Written on Dec 12, 2018

Diversity advocates have been trying for two decades to sell the corporate world on gender balance in the boardroom. Maybe they should be lobbying lawmakers instead.

A new study by Egon Zehnder points out that among countries that average three or more women on large company boards — thought to be the threshold at which diversity starts to yield higher returns — all but one operate under government-mandated quota systems.

“When we look at the board seats that have turned over, only about a quarter of them are filled by women,” said Cynthia Soledad, a co-leader of the Egon Zehnder diversity council and one of the authors of the study. “It needs to be more than an intellectual exercise or a philosophical alignment that diversity is good and diversity would benefit us.”

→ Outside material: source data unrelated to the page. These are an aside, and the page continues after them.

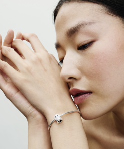 Ghost sterling silver charm with black crystal and shimmering white glow in the dark enamel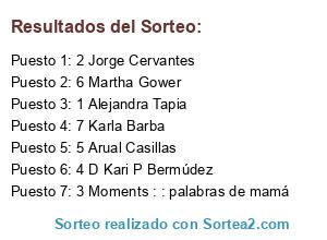 Lista de participantes: 1 Alejandra Tapia, 2 Jorge Cervantes, 3 Moments : : palabras de mamá, 4 D Kari P Bermúdez, 5 Arual Casillas, 6 Martha Gower, 7 Karla Barba.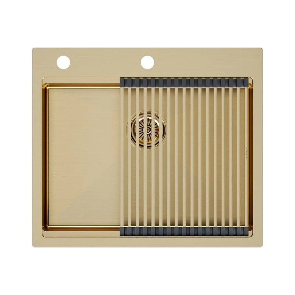 Мойка кухонная Paulmark Kroner PM705951-BG+R405-BG, 59 см, нержавеющая сталь, PVD покрытие, с ролл-матом Step, золото брашированное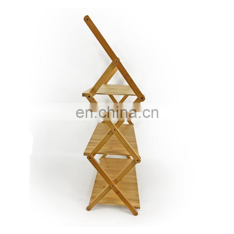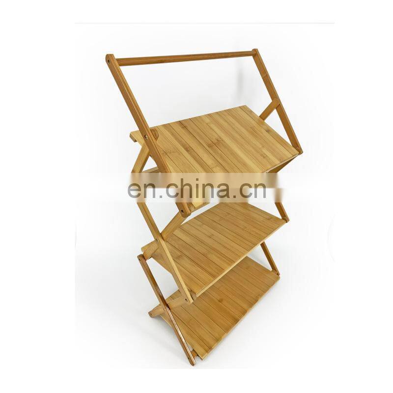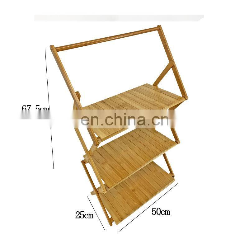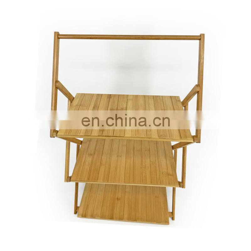 Outdoor Bamboo Wood Picnic Camping Rack Portable With Handle Japanese-style Folding Three-layer Storage Rack

In the U.S., big companies have on average 2.5 female directors, and representation has barely increased since 2012, Soledad said. There’s no national requirement for having women on the board, though California this year passed a law that will require at least one woman on boards with headquarters in the state by 2019 and three on most of those boards by 2021.

For boards to add more women, they’re going to have to expand the universe beyond current and former CEOs and directors, Soledad said. Some companies have been willing to appoint women who have never served on a board or been a CEO, most don’t, she said.

That rules out most women, who make up just 3.7% of CEOs among the 44 companies tracked in the study.